SmartThingsCommunity / SmartThingsEdgeDrivers

Apache License 2.0
268 stars 452 forks source link

Aqara FP2: Retry to get token, better logging #1699

Closed ldeora closed 1 week ago

ldeora commented 1 week ago

This is how the log looks like when the device isn't ready yet to answer REST API requests:

2024-09-27T22:47:45.440063966Z ERROR Aqara Presence Sensor  get_credential : ip = 192.168.1.121, failed to get token, error = wantread
2024-09-27T22:47:45.445295882Z WARN Aqara Presence Sensor  credential is nil
2024-09-27T22:47:45.450356841Z ERROR Aqara Presence Sensor  failed to get credential. dni= 54:EF:44:5C:4C:98, ip= 192.168.1.121

We don't know how the firmware works but maybe it just needs a bit more time? Here's how the driver gets the token:

https://github.com/SmartThingsCommunity/SmartThingsEdgeDrivers/blob/ea0625ddf6adceb26799dfc5cf05aa2ad4b9a5ec/drivers/Aqara/aqara-presence-sensor/src/fp2/api.lua#L70-L79

Can we change this to retry a few times? Maybe like this?

local socket = require "cosock.socket"  -- Required to use socket.sleep()

function fp2_api.get_credential(device_ip, socket_builder)
  local retry = retry_fn(5)
  local response, error, status

  repeat
    -- Attempt to get the credential (auth code)
    response, error, status = process_rest_response(
      RestClient.one_shot_get(get_base_url(device_ip) .. "/authcode", ADDITIONAL_HEADERS, socket_builder)
    )

    -- If the request was successful, return the token
    if not error and status == 200 then
      return response  -- Token returned on successful request
    end

    -- Log the failed attempt
    log.warn(string.format("get_credential : ip = %s, failed to get token, error = %s, retrying...", device_ip, error))

    -- Sleep before retrying, if more retries are available
    if retry() then
      socket.sleep(1)  -- Delay between retries
    else
      -- Final failure: all retries exhausted
      log.error(string.format("get_credential : ip = %s, failed to get token after retries, error = %s", device_ip, error))
      break
    end
  until not retry()

  return nil  -- Return nil if all retries failed
end

With this change the driver should be more resilient against timing issues while retrieving the auth token from the device.

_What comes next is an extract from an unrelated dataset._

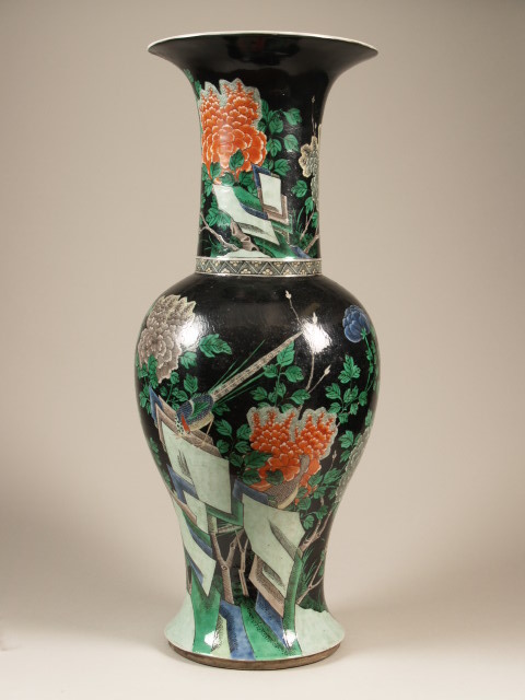 Vaas met decor van vogels en bloemen tegen zwart fond (Nederlands)

What do you think, @seojune79 ?

ldeora commented 1 week ago

We could also do something like this:

local function retry_get_request(url, headers, socket_builder, max_retries, delay)
  local retries = 0
  local response, error, status
  repeat
    response, error, status = RestClient.one_shot_get(url, headers, socket_builder)
    if error == "wantread" then
      log.warn("Retrying due to 'wantread' error")
      socket.sleep(delay)
      retries = retries + 1
    elseif error then
      log.error(string.format("Error: %s", error))
      break
    end
  until not error or retries >= max_retries
  return response, error, status
end

function fp2_api.get_credential(device_ip, socket_builder)
  local url = get_base_url(device_ip) .. "/authcode"
  local response, error, status = retry_get_request(url, ADDITIONAL_HEADERS, socket_builder, 5, 2)  -- Retry 5 times with a 2-second delay
  if not error and status == 200 then
    return response
  else
    log.error(string.format("get_credential: ip = %s, failed to get token, error = %s", device_ip, error))
  end
end

This way, we could use the new function retry_get_request() in all cases where RestClient.one_shot_get() is used. The name one_shot_get implies that it's really only one try.

ldeora commented 1 week ago

The retry logic is in the lunchbox...